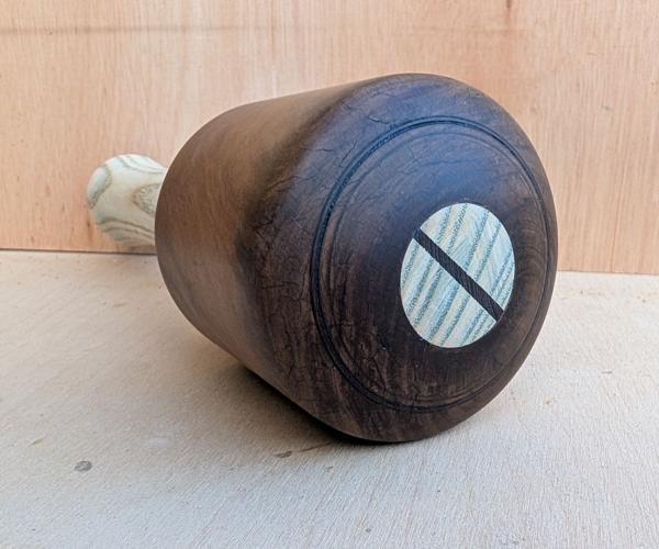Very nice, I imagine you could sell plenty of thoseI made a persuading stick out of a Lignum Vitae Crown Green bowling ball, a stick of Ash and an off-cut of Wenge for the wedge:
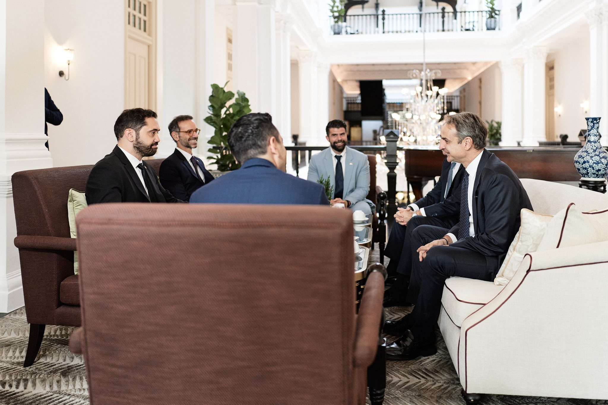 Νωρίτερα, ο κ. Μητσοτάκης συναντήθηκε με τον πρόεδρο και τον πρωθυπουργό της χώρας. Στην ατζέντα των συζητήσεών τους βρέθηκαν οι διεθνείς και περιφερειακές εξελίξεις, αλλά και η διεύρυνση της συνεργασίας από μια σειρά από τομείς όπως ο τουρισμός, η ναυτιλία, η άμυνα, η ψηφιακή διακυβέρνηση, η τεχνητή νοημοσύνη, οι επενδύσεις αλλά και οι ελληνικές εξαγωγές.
---
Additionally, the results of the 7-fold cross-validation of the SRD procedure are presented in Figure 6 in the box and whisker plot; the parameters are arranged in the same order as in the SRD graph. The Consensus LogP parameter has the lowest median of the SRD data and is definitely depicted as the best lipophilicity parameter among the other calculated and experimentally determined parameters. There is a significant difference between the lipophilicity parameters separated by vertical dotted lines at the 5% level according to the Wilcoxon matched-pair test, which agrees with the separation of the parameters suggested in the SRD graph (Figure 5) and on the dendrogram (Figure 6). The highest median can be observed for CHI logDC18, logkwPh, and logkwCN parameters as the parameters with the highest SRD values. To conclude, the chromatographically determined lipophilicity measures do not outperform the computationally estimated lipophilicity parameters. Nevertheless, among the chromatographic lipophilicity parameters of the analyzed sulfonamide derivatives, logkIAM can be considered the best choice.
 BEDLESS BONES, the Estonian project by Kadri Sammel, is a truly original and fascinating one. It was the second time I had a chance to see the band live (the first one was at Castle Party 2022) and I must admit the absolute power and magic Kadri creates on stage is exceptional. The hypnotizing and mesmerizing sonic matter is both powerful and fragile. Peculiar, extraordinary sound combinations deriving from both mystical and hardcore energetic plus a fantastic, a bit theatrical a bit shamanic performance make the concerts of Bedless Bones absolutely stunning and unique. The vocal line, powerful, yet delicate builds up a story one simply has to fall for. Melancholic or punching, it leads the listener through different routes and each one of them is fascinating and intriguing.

▸ **WHAT YOU WILL DO**
Transcribe, word for word, the stretch of lines in the data above from the one with "Very nice, I" through the one with "Νωρίτερα, ο κ."; omit all pictures.

▸ **EXERCISE OUTPUT**
Very nice, I imagine you could sell plenty of thoseI made a persuading stick out of a Lignum Vitae Crown Green bowling ball, a stick of Ash and an off-cut of Wenge for the wedge:
 Νωρίτερα, ο κ. Μητσοτάκης συναντήθηκε με τον πρόεδρο και τον πρωθυπουργό της χώρας. Στην ατζέντα των συζητήσεών τους βρέθηκαν οι διεθνείς και περιφερειακές εξελίξεις, αλλά και η διεύρυνση της συνεργασίας από μια σειρά από τομείς όπως ο τουρισμός, η ναυτιλία, η άμυνα, η ψηφιακή διακυβέρνηση, η τεχνητή νοημοσύνη, οι επενδύσεις αλλά και οι ελληνικές εξαγωγές.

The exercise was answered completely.